Shares of Delegat's sank 13.5% to $2.30 on volume of more than 37,000 shares. While export sales and revenues rose strongly for the six months to December 31, net income slipped 12% to $13.8 million, the company said today. Revenue rose 6% increase to $134.9 million, though this was offset by the impact of a strong New Zealand dollar on export earnings. The company took a $1.6 million charge against its foreign currency translation reserve for the half.
However, the larger impact in the immediate future is the oversupply of grapes in New Zealand. Write-downs on the fair value of vineyard land and vines were expected to have "a fairly significant negative impact on reported performance", the company said in a statement to the NZX.
Directors now forecast a 2010 profit that is 30% to 40% lower than the previous year's $30.0 million net profit, placing the forecast outcome for the year in a range of $18 million to $21 million, although the unrealised nature of the impacts means directors remain confident they can maintain final dividends at around current levels. As was the case last year, Delegat's declared no interim dividend.
The total value of property, plant, equipment and biological assets on the Delegat's balance sheet at half-year end was $232.6 million, up from $217.1 million at the last financial year-end.

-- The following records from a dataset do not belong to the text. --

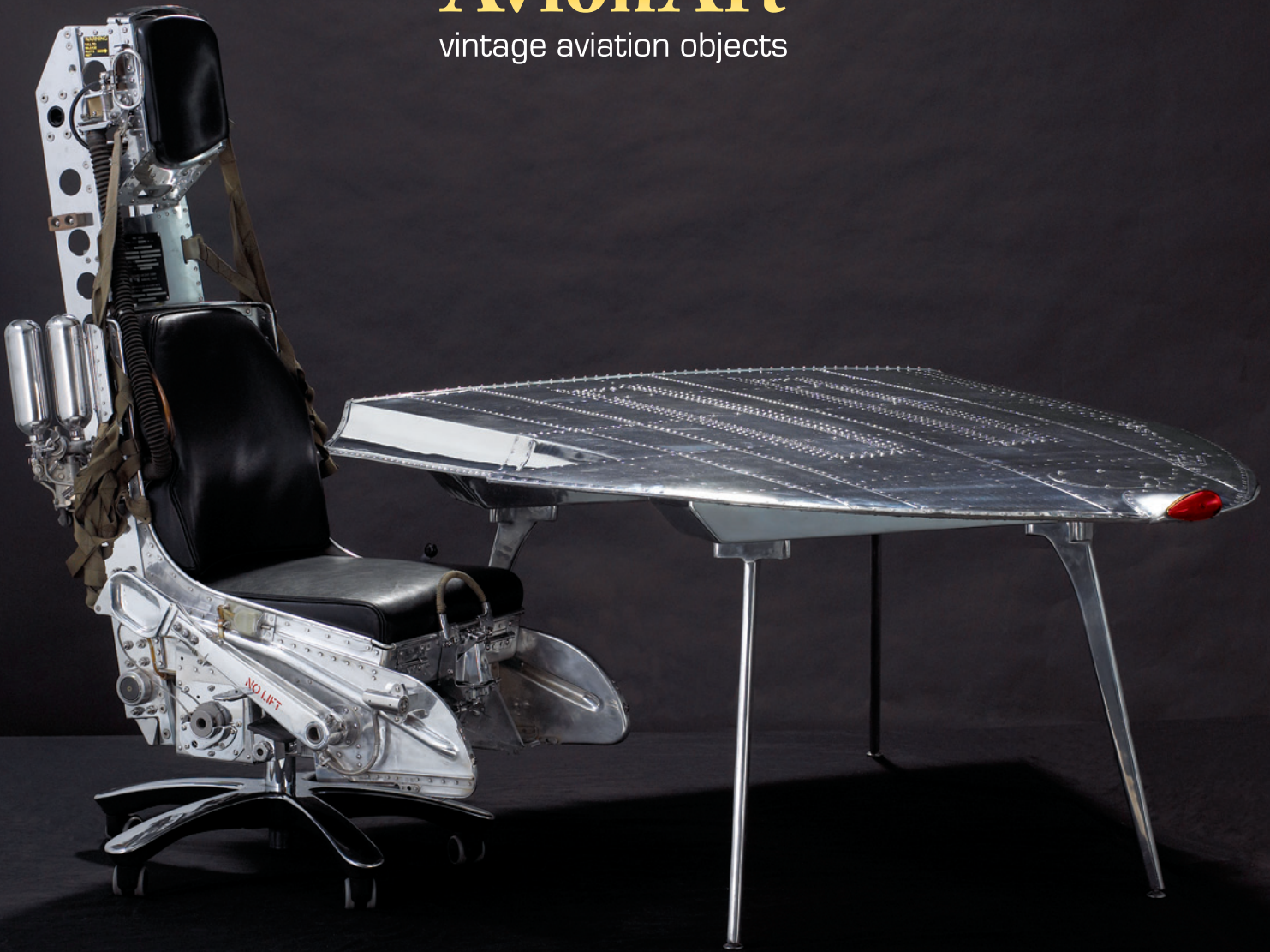
F-104 Lockheed Starfighter Ejection Seat (1964)
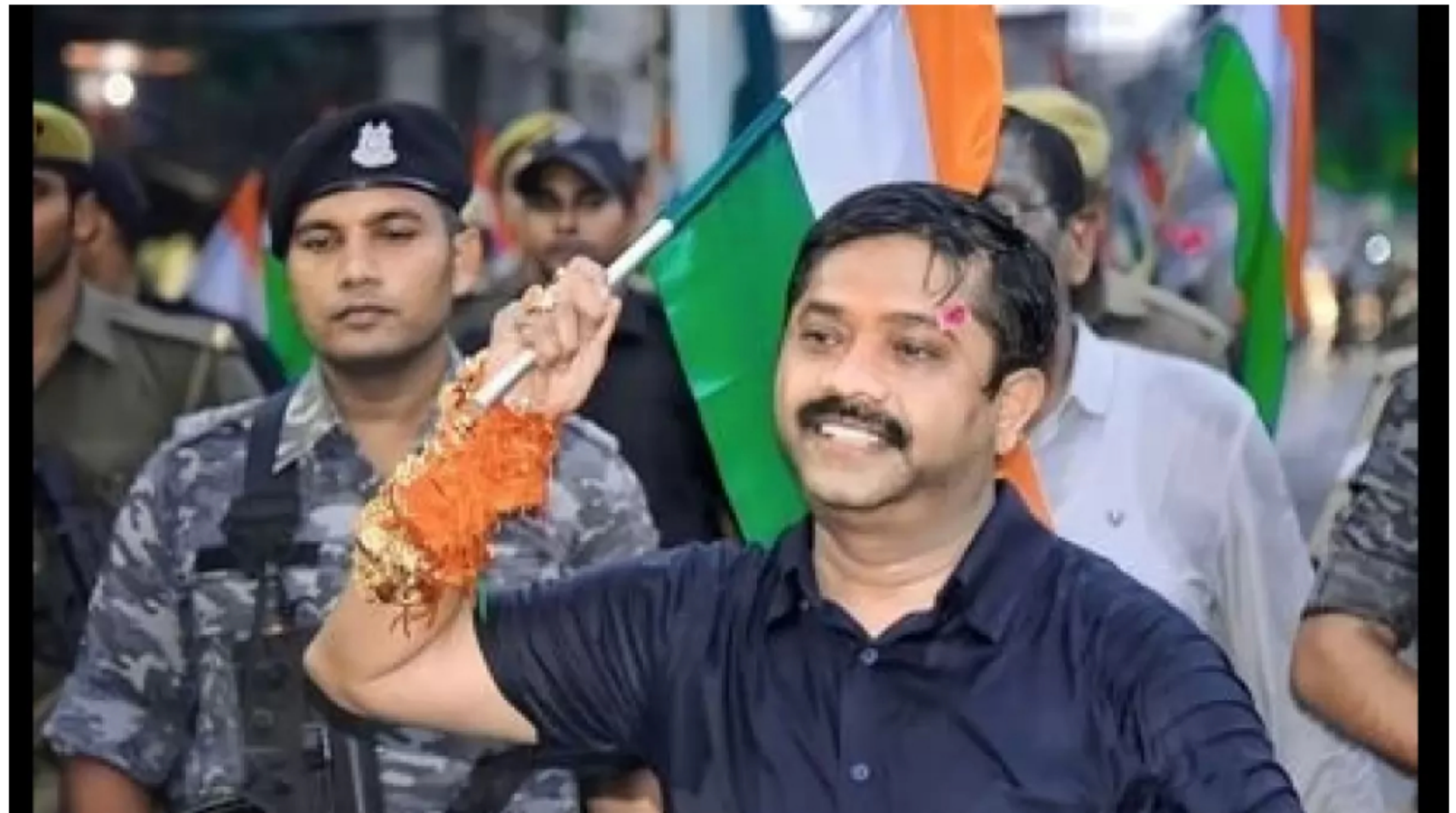
Uttar Pradesh Industrial Development Minister Nandgopal Gupta Nandi.
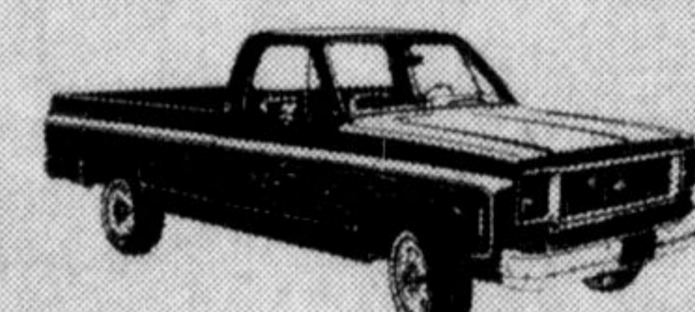
C/10 Cheyenne Super Fleetside Pickup
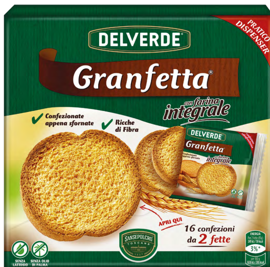
Granfetta with wholewheat flour - single portion 16 portions of 2 rusks 240g | code 460410
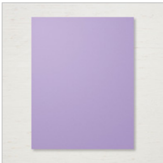
Highland Heather 8-1/2" X 11" Cardstock
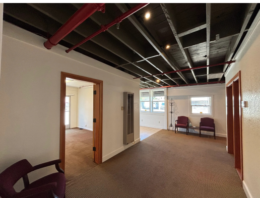
Unit A Office Space
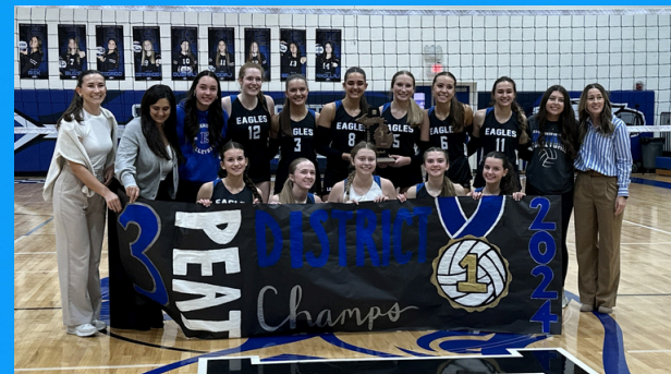
Congrats Volleyball District Champs!!!
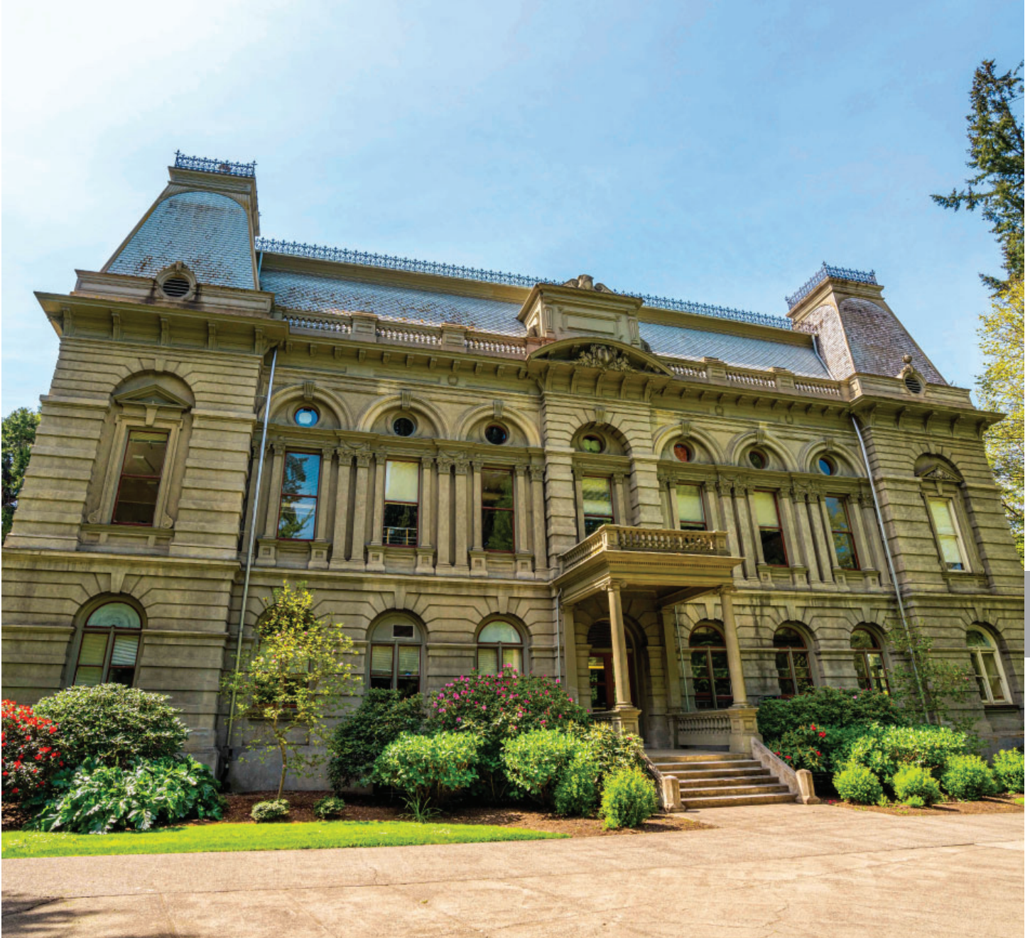
Villard Hall (constructed 1885-1886), 2021
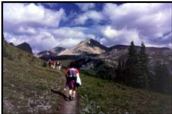
[Dolomite Pass Trail, TL 2 at this point]
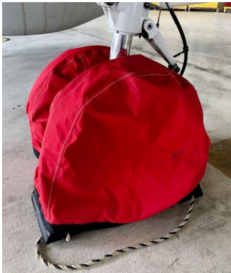
Beech King Air 300 Tire Covers (main gear)
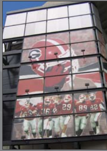
SANFORD STADIUM, GA
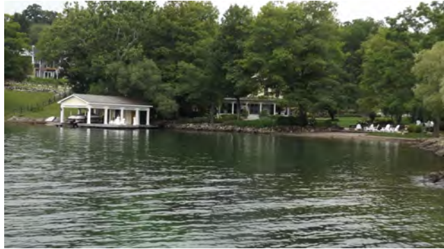
4285 CR 16 Photo 2: (2022-11-29T21:37:17.048Z)
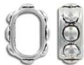
MB10X788/OXWH 15x6mm ID 10x 7mm
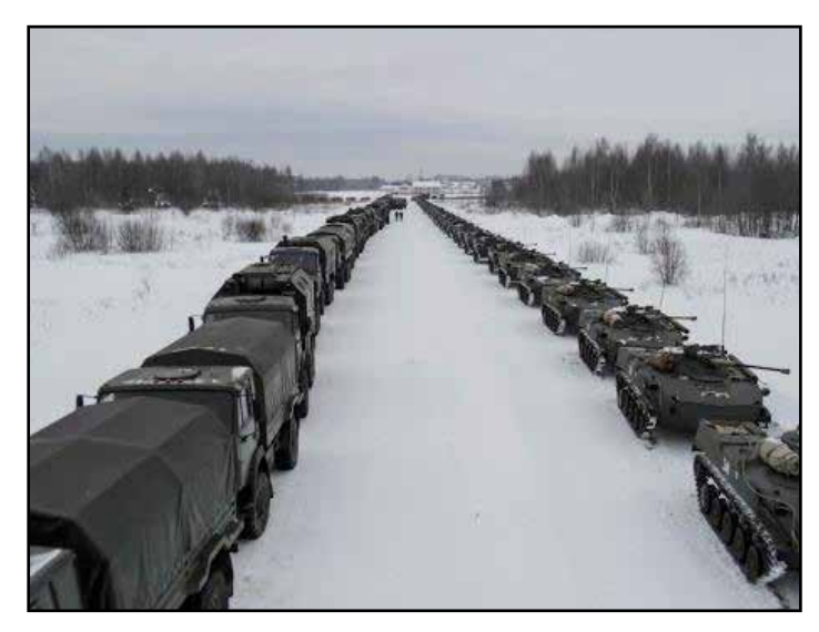
Russian convoy entering Kazakhstan

The government was in crisis, and the masses went for everything. An embryo of workers 'militia was beginning to emerge and the danger for the bourgeoisie of the emergence of a dual armed power of the workers' and soldiers' Soviets, that is to say that the workers' republic of Kazakhstan would return, expropriating imperialism. Seeing armed workers speaking the language of revolution in a former Soviet republic freezzes the blood of imperialism and the world bourgeoisie. The reason is the bourgeoisie knows very well what it is about, it still cries that there the workers rolled the heads of the tsar
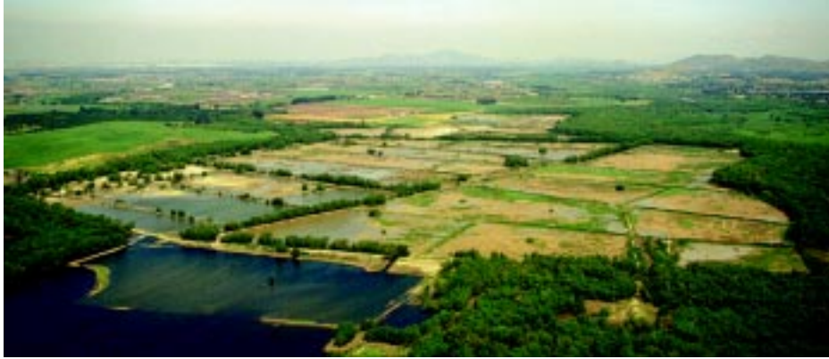
An aerial view of the constructed wetlands behind Prado Dam.
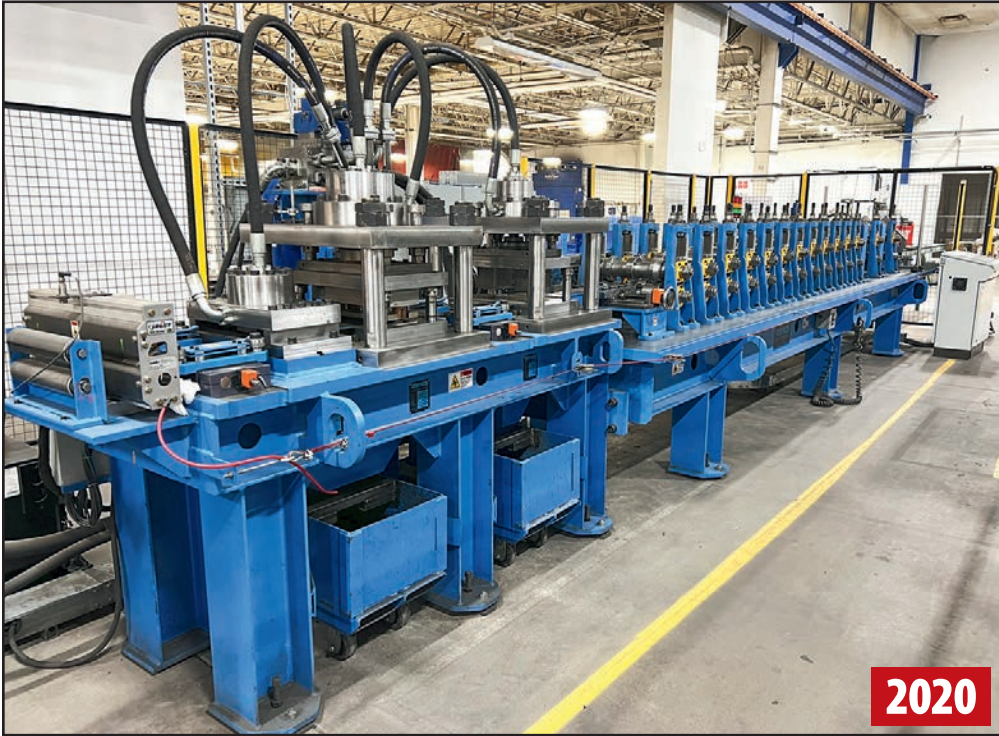
SAMCO 14-STAND ROLL FORMING LINE (ENLARGED STUD 3.5"-6" LINE)

In the period under review, Delegat's grew global case sales to 1,135,000, up 20% on the previous corresponding period, and full year global case sales are forecast to be up 11% on the previous full year, at 1,927,000 cases, led by Delegat's leading Oyster Bay brand.
Among reasons for the weaker first-half profit performance was a 16% increase in ongoing sales and promotional costs to $40.2 million and a "significant doubtful debt in respect of a major United Kingdon retailer, which was placed into administration".